THE PROBLEM
Transcribe the data that follows without changing a word, and omit the pictures.

DATA SECTION
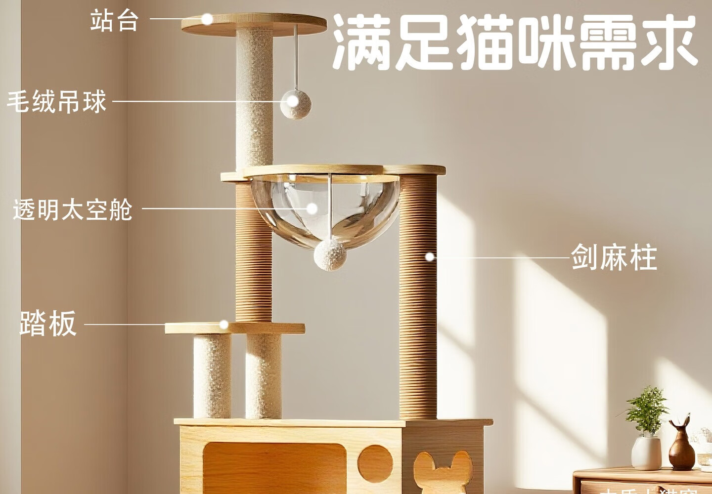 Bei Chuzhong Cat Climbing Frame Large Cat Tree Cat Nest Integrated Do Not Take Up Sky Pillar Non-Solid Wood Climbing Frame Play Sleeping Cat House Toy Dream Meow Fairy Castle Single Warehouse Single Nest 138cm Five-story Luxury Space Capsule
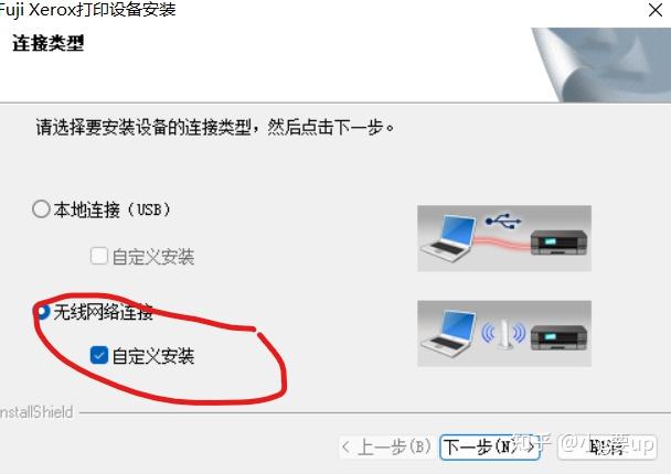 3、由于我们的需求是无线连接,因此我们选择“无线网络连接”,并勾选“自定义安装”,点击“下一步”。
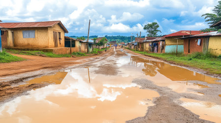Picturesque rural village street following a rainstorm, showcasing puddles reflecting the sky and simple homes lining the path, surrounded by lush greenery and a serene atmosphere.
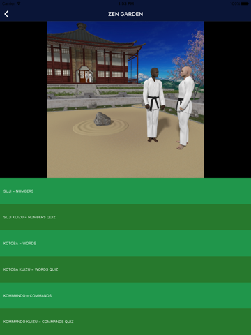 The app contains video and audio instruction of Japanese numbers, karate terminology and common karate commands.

RESULT OF THIS TASK
 Bei Chuzhong Cat Climbing Frame Large Cat Tree Cat Nest Integrated Do Not Take Up Sky Pillar Non-Solid Wood Climbing Frame Play Sleeping Cat House Toy Dream Meow Fairy Castle Single Warehouse Single Nest 138cm Five-story Luxury Space Capsule
 3、由于我们的需求是无线连接,因此我们选择“无线网络连接”,并勾选“自定义安装”,点击“下一步”。
Picturesque rural village street following a rainstorm, showcasing puddles reflecting the sky and simple homes lining the path, surrounded by lush greenery and a serene atmosphere.
 The app contains video and audio instruction of Japanese numbers, karate terminology and common karate commands.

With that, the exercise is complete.